Director, Central Policy Research Office
As head of the Communist Party’s top research office, Wang’s role is a combination of national policy adviser and chief speech writer. He is seen during almost all key domestic and international trips made by President Xi Jinping. He has gained respect among the upper echelon for his academic depth, political neutrality and caution.
Director, National Development and Reform Commission
Xu is the country’s top economic planner and oversees the NDRC, which is sometimes called “the small State Council”. Despite more than three decades of market reform, the NDRC retains sweeping power to regulate all major industries and approve projects with billion-yuan budgets, from airports to railways and car plants.
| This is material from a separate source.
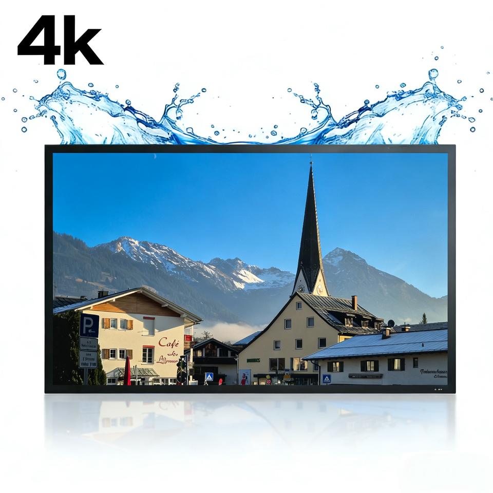 ทีวีกลางแจ้งขนาด 65 นิ้ว กันฝุ่นและกันน้ำ IP55 ติดผนัง ความสว่าง 2000 นิต สำหรับร้านอาหารกลางแจ้งริมสระน้ำ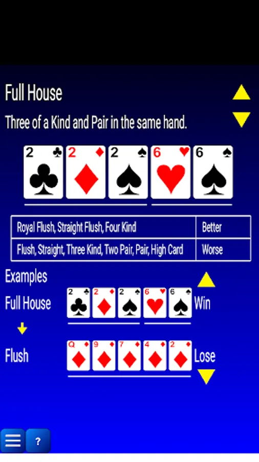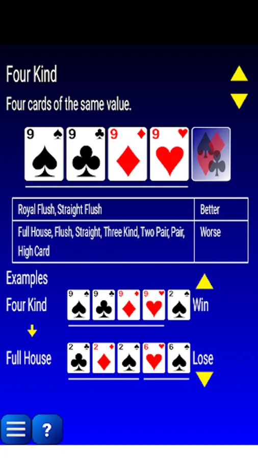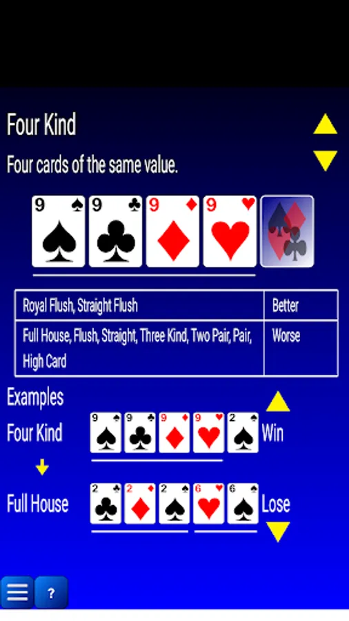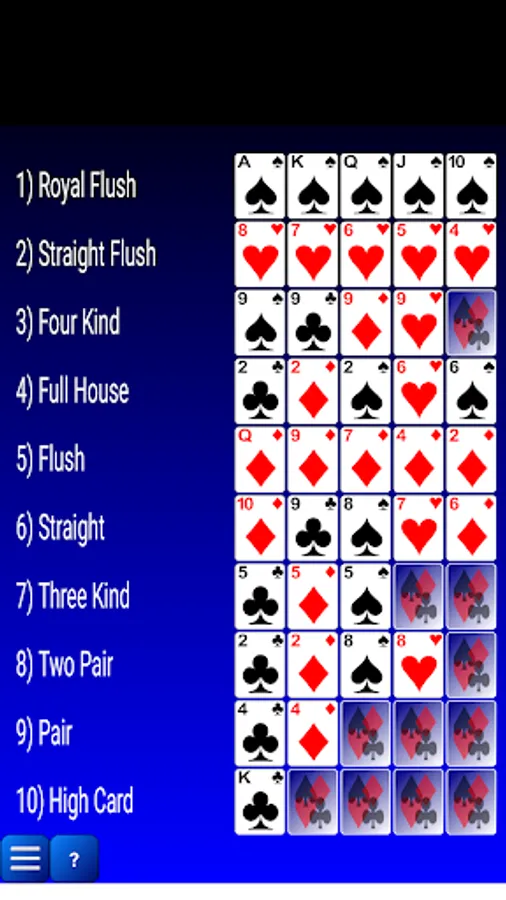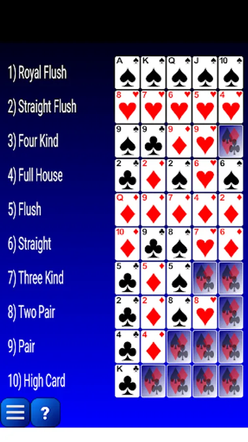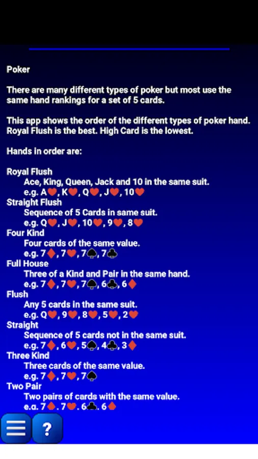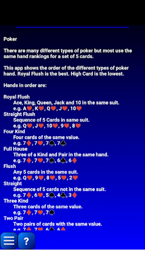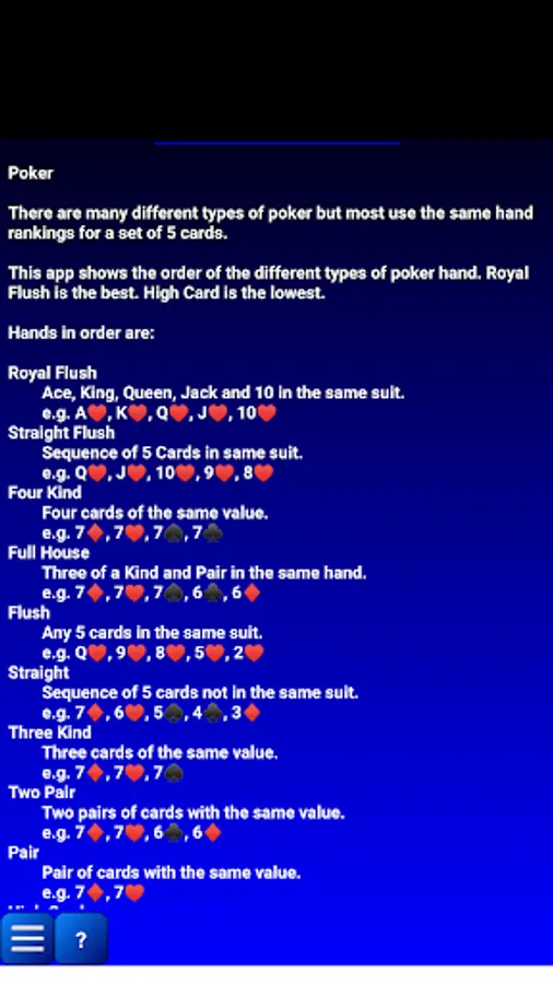 This app shows you which are the best types of hand to hold and which hand beats which. There are 10 different types of hand : Royal Flush, Straight Flush, Four of a Kind, Full House, Flush, Straight, Three of a Kind, Two Pair, Pair, High Card. The app explains these types and provides examples of each.

Director, General Office of Central Leading Group on Economic and Financial Affairs
Liu is Xi’s top aide on economic and financial affairs, and oversees the influential leading group’s operations. He is widely believed to be the mysterious “authoritative person” People’s Daily quoted in May in a report casting doubt on policies pursued by the State Council under Premier Li Keqiang.
Wang is one of the State Council’s three vice-premiers, with responsibility for business and commerce, tourism and agriculture. Wang also plays a key role in Sino-US relations, keeping in contact with US Treasury Secretary Jacob Lew to keep both countries informed on economic and policy issues, though Wang is thought to now share this role with Liu He.
Governor, People’s Bank of China
Zhou is responsible for making and applying monetary policy for the world’s second-largest economy. Zhou is believed to have been at the centre of almost every change China has made to its financial system, from reshaping state banking to setting up the bond market to smooth the way for the yuan’s global push.
Lou, China’s finance minister since 2013, is known for his reformist outlook and preference for a market-oriented economy. He oversaw a multibillion-dollar sovereign wealth fund China Investment Corp for six years before heading the ministry. Lou was appointed chairman of board of governors of the China-led Asia Infrastructure Investment Bank.
Gao has experience in both the government and business sectors, including serving as a deputy general manager at China Resources Enterprise in the 1990s. The fluent French speaker, an experienced trade negotiator, was removed intact despite reports about his son’s controversial employment at JP Morgan.
An experienced diplomat, Yang has quietly risen to the top position to oversee the country’s international policies. Yang, who outranks Foreign Minister Wang Yi, has often played an important role as China sought to ease tensions amid international disputes.